For starters, MVVC had to shake off an 18-25, 25-18, 15-13 loss in its opener to Outrigger from Honolulu, Hawaii.
“That sort of showed us no team was going to hand us a win,” said Mathew, who closed his high school career at Monta Vista-Cupertino winning Central Coast Section and CIF NorCal Division I championships. “In the end that was really helpful to us, because we knew they would not hand it to us and, on the other hand, we were not going to hand it to another team.”
Carson, also coach of the USA Men’s Junior National Team and the St. Francis High-Mountain View boys, said he felt his team could absorb the loss and recover, finding the best mix to win.
“One of our top players, Cole Gillis, who is going to UC Irvine, was struggling, not playing as well as he could,” Carson said. “We put in Ben Airola, who is going to UC San Diego and we beat 949, one of the top teams in the tournament. We then put Cole back in there, and I have to give a ton of credit to Cole to regroup and play so well.”
It all came together with a 25-22, 19-25, 15-9 championship win over SoCal powerhouse Balboa Bay Volleyball Club, based out of Costa Mesa with a storied 43-year history. It was a rematch from four years ago when both clubs met for the 14s Junior National championship, with Balboa winning.
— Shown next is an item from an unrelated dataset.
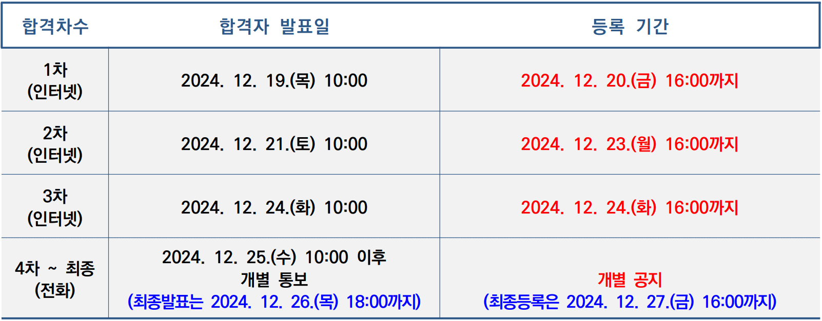 ◈ 정시모집 합격자 발표일 및 충원합격자 발표일 안내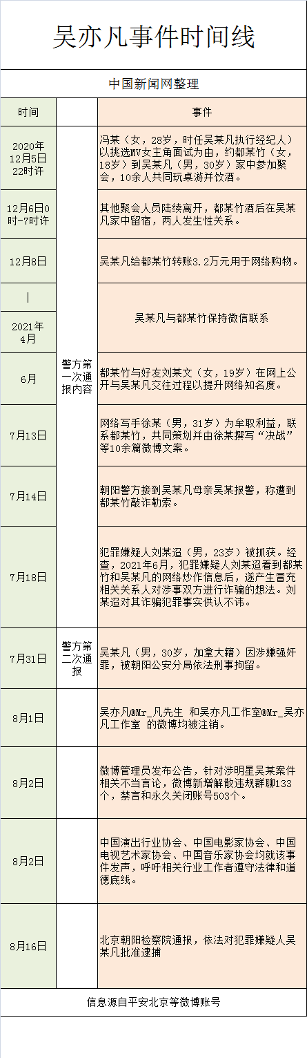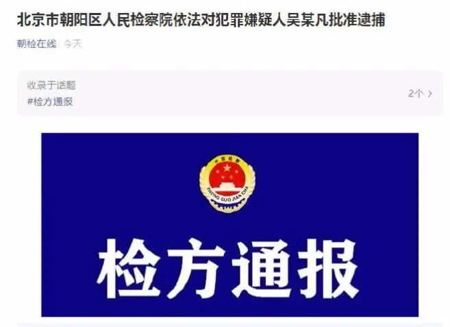据“朝阳检察”官方微博消息,2021年8月16日,北京市朝阳区人民检察院经依法审查,对犯罪嫌疑人吴某凡以涉嫌强奸罪批准逮捕。

“When we played them as 14s, we were happy to be in the finals and let them have it,” Mathew said. “The 18s match felt a lot different. We were there for a fight and came out hot from the beginning. So we came pretty aggressive and got a lead in the first set after it was 18-18 and pulled ahead. Then it was essentially the reverse in the second, and we were playing catch-up. The third set was close until 7-7, then we got hot and won 15-9.”
Fiery starts were a trademark of this MVVC team, Mathew said.
“We tended to come out of the gate really hot and really intense. Come out intense and on fire, and we would catch teams off-guard,” he said.
One major force for MVVC was tournament MVP Jarrett Anderson, who starred at Harker-San Jose and was a driving force behind the Eagles winning the CCS Division III title and making the NorCal Division I finals. Recently named to the SportStars Magazine Bay Area 75, Anderson is headed to Springfield College in Springfield, Massachusetts. All that is amazing considering this is just Anderson’s second year of playing volleyball, having focused previously on basketball.
“It’s a pretty incredible accomplishment,” Carson said. “Two years in the sport, he has a pretty incredible capacity for work. He can handle the workload and is a really good learner.”
Carson points to the hard work of Gautham Dasari. Another graduate of Monta Vista, Carson called him “the absolute rock of our team.” Now on his way to NYU, Dasari made a steady climb up the ladder of teams in the MVVC system.
“He started on the 14 3s, worked his way to 15 2s and has been on the top team ever since,” Carson added.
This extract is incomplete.